Efficient waste storage management

Quvo – Levenseat Renewable Energy: Optimized waste material management thanks to volume monitoring with LiDAR



Not all waste materials can be effectively recovered and recycled from the waste stream. To minimize landfill disposal, the remaining waste, known as residual waste, undergoes thermal treatment to generate energy. Levenseat Renewable Energy Ltd., a Scottish resource management company, operates a large waste treatment facility dedicated to this purpose.

Before the residual waste can be treated and incinerated, the incoming material is initially delivered to a spacious hall of 52 by 52 meters. This hall serves as a temporary storage area for the incoming material, predominantly municipal solid waste, which is not sorted yet. Subsequently, the waste undergoes processing in a material recovery facility to extract recyclable materials. Given the substantial size of the hall at the Levenseat site, precise data on current material levels is essential for efficient logistical planning and inventory management, as accurate inventory information allows for optimized processing and minimizes safety risks.
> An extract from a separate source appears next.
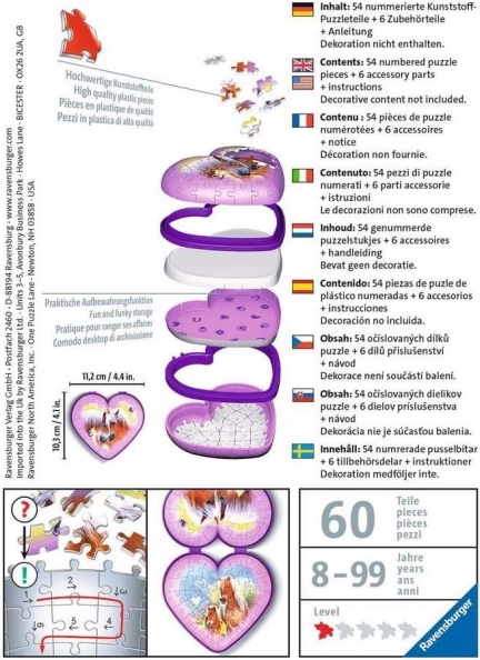 Ontdek de magie van de RAVENSBURGER 3D-puzzel: met nauwkeurig vervaardigde, gebogen en flexibele stukjes maak je een indrukwekkend hartvormig sieradendoosje met een zacht paardenmotief. De constructie is stabiel, staat stevig zonder lijm en dient na het bouwen als een functionele en prachtige decoratie voor de kinderkamer.

By deploying Blickfeld’s Volume Monitoring solution our partner Quvo has successfully replaced the previous, inaccurate measurement methods at Levenseat. The new solution provides the company with precise volume data in real-time, offering better control over the incoming material and enhancing overall operational efficiency.
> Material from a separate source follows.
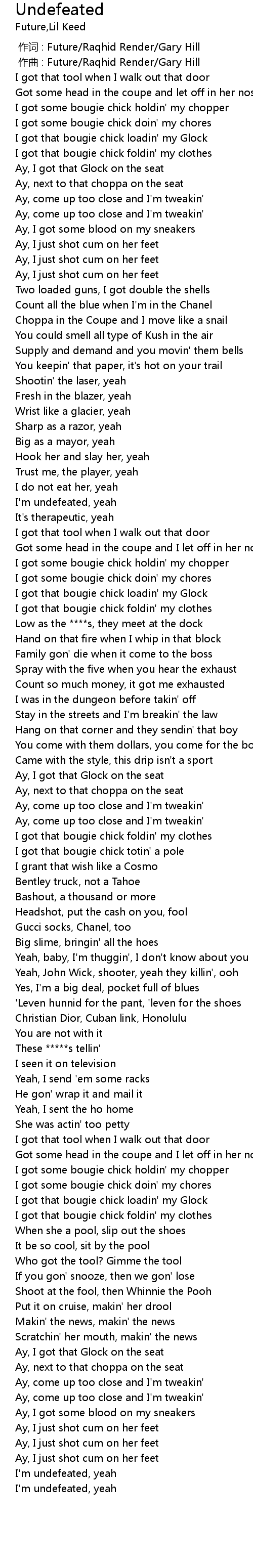 | [00:42.77] | I' m undefeated, yeah |

Waste storage hall volume monitoring


Previously, the immense size of the waste stockpiles and the frequent movement within the hall to sort the material made it nearly impossible to accurately determine their volume using existing methods. Estimating incoming municipal solid waste relied on visual assessments and truck counts, resulting in distorted inventory data and ineffective inventory management.

In cases where excessive material accumulated in the storage facility due to process delays, such as outages, safety concerns arose. The sheer volume of waste posed fire hazards, pushing storage capacity to its limits and potentially requiring truck diversion, which negatively impacted logistical efficiency. Conversely, underutilization of storage space led to missed opportunities at times, as available processing resources were not fully leveraged, and less output was produced than what could have been achieved, which was ultimately reflected in the numbers.
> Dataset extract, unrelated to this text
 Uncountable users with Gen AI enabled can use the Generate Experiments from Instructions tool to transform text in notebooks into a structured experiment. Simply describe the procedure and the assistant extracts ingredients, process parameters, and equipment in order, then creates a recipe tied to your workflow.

To tackle these challenges, an automated, robust system was needed that provided accurate inventory data in real-time to enable efficient waste storage space utilization, logistical planning, and strategies to mitigate safety and economic risks.


Four Blickfeld Cube 1 LiDAR sensors were mounted to the hall ceiling to cover the large storage area. The laser-based technology continuously gathers data, constructing a detailed 3D image of the waste pile surfaces. The associated perception software utilizes this information to calculate the volume accurately. The volume data is then displayed on a user-friendly dashboard, granting the Levenseat team instant visibility of their current inventory levels with a simple click, even when they are off-site. This precise real-time data eliminates the need for manual inventory estimations and calculations, saving time and reducing efforts.

Waste pile 3D point cloud volume monitoring

Thanks to these developments, Levenseat has gained the ability to enhance the efficiency of its waste storage facility and logistics through prompt responses to the current material situation. By making informed decisions about truck orders and adjusting processing loads accordingly, the company ensures an optimized operational workflow. This capability allows Levenseat to maintain the processing machine at its optimum capacity, proactively addressing safety risks and minimizing processing delays. As a result, Levenseat achieves improved efficiency and effectiveness in managing its operations.

Up till now, we were doing an estimate of the material in the hall, and it turned out not to be accurate. Now we have real-time data, and it's on demand. We can view the data as and when required. We have better control of the incoming material. If we put too much material in the hall, we can reduce the loads for that day until the process catches back up. It gives us so much more control over our incoming material.
Gary Lumsden
Engineer Manager at Levenseat Renewable Energy


Plans are underway for additional installations at a second site to expand the sensor system. This expansion will enable Levenseat to have real-time inventory data at multiple locations, allowing for enhanced inventory management, capacity planning, and overall operational efficiency across all sites.